Suite française
Printemps 1940. La France est envahie et vaincue par l'armée allemande. Au-delà des événements militaires, c'est le quotidien des Français qui se trouve bousculé. S'inspirant de ses souvenirs personnels, Irène Némirovsky propose une vision romancée de cette période trouble. Le roman est organisé en deux parties, relativement indépendantes l'une de l'autre. La première, intitulée "Tempête en juin", brosse le tableau de l'exode des populations parisiennes en proie à la peur des bombardements allemands. L'auteur décline les préparatifs, les sentiments et les mésaventures des Parisiens selon plusieurs points de vue. On suit ainsi une famille bourgeoise, les Perricand, où la mère embarque pour une demeure méridionale, en compagnie de ses enfants, du chat et du beau-père, acariâtre mais riche à millions. La bonne volonté, mâtinée d'une forte religiosité, de cette mère est confrontée aux difficultés à trouver gîte et nourriture, mais aussi aux sentiments patriotiques de son adolescent de fils qui ne cherche qu'à en découdre avec l'ennemi. Il y a aussi les Michaud : d'un côté, les parents, employés de banque, abandonnés sur le pavé parisien au profit de la maîtresse du directeur, et de l'autre le fils, blessé au combat et recueilli par une famille du Morvan. Puis viennent ceux qui pensent que l'argent ouvre toutes les portes, et qui découvrent qu'en période de débandade générale ils sont confrontés aux mêmes déconvenues que leurs humbles semblables. Les portraits de Charlie Langelet, le collectionneur passionné de porcelaines, et de Gabriel Corte, écrivain persuadé d'être un génie au-dessus de toutes lois humaines, sont sans doute les plus savoureux.
Quand enfin l'exode reflue, une fois la défaite consommée, vient l'Occupation. Elle occupe la seconde partie du roman, sous le titre de "Dolce". Oubliés Paris et ses citadins en goguette, c'est désormais le village de Bussy, au cœur du Morvan, qui tient la vedette. L'auteur s'efforce de décrire avec justesse les sentiments ambivalents que suscite la présence de l'occupant allemand. Et là encore, le lecteur suit le quotidien de différentes familles, des Labarie, les paysans, aux nobles, avec Mme de Montfort, en passant par les notables Angellier. De l'arrivée des troupes, qui s'installent chez l'habitant, à leur départ pour le front russe, c'est un formidable tableau de l'ambiguïté de cette période qui est dressé. Irène Némirovsky décrit avec une grande finesse la méfiance, voire la haine, suscitées par l'arrivée de l'occupant. Vient ensuite l'étape de l'apprivoisement réciproque, où l'humanité reprend le dessus, où les antagonismes guerriers sont mis de côté pour la découverte de l'autre, de sa culture. Parfois l'amour se fraie un chemin. L'hostilité, cependant, finit par triompher après un drame qui secoue la petite communauté. Ce sont les évolutions de la nature, décrites avec talent, qui décomptent le temps qui passe au rythme des saisons.

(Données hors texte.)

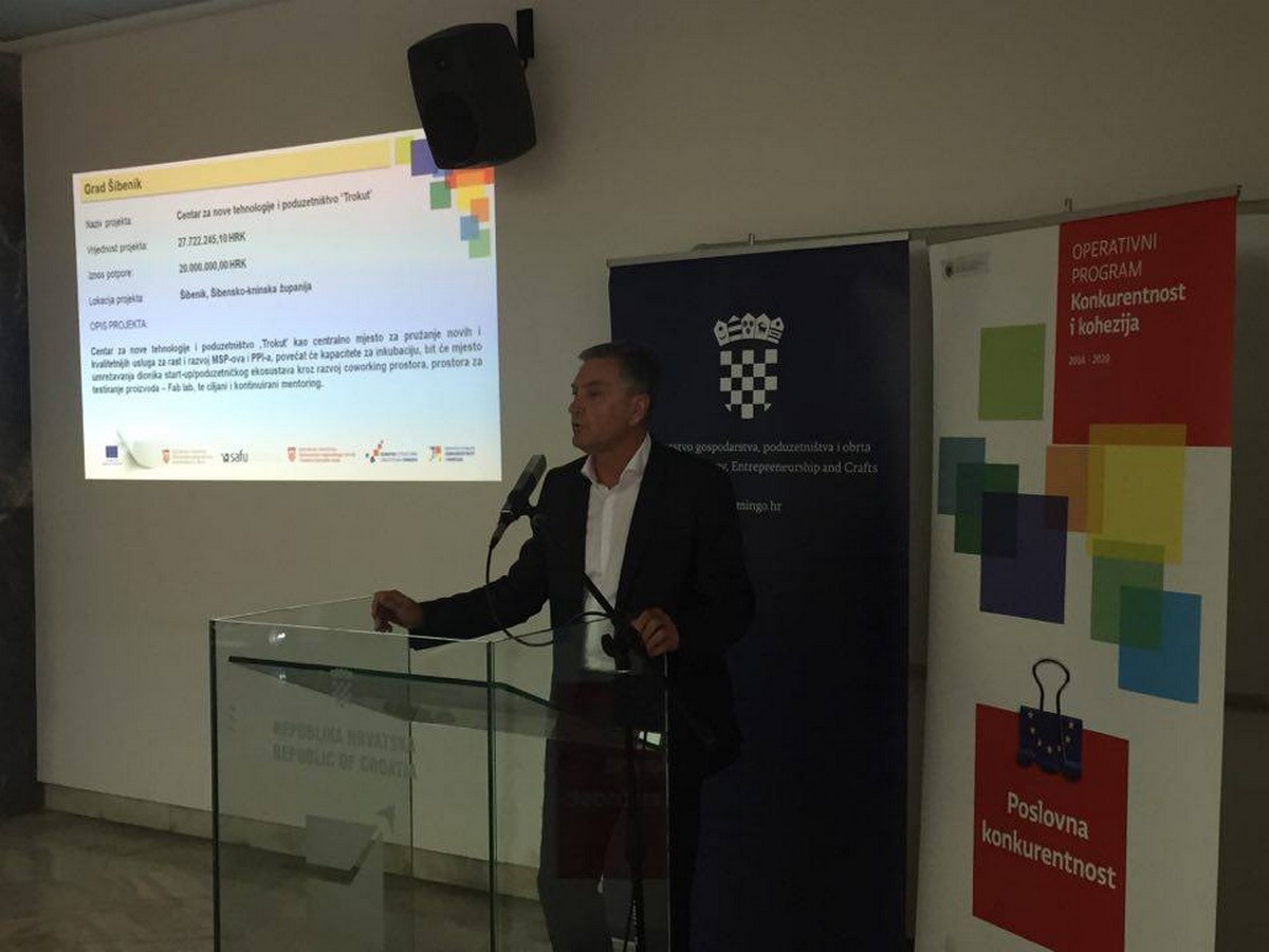 Među 23 projekta, ukupno vrijedna 368 milijuna kuna za koje je danas u Zagrebu, u Ministarstvu gospodarstva, poduzetništva i obrta, u nazočnosti ministrice Martine Dalić, potpisana Odluka o financiranju je i šibenski projekt Centra za nove tehnologije i poduzetništvo – Trokut za koji je Grad Šibenik dobio 20 milijuna kuna bespovratnih sredstva Europske unije putem natječaja Europskog fonda za regionalni razvoj, Razvoj poslovne infrastrukture, Operativni program "Konkurentnost i kohezija 2014.-2020.“

Suite française est un roman enchanteur, qui donne à voir une époque noire sous un angle intimiste. Le propos sonne toujours juste, servi par l'usage des petits détails qui rendent quasi palpable une réalité pourtant distante. On se laisse séduire aussi par la plume d'Irène Némirovsky, tellement agréable qu'on se surprend à relire un paragraphe magnifiquement troussé. Cette lecture fut un tel plaisir, qu'il est plus que probable que la toute fraîche réédition du premier roman de l'auteur, Le malentendu, ne vienne bientôt s'ajouter à la bibliothèque de mrs pepys.
Suite française, Irène Némirovsky, 2004.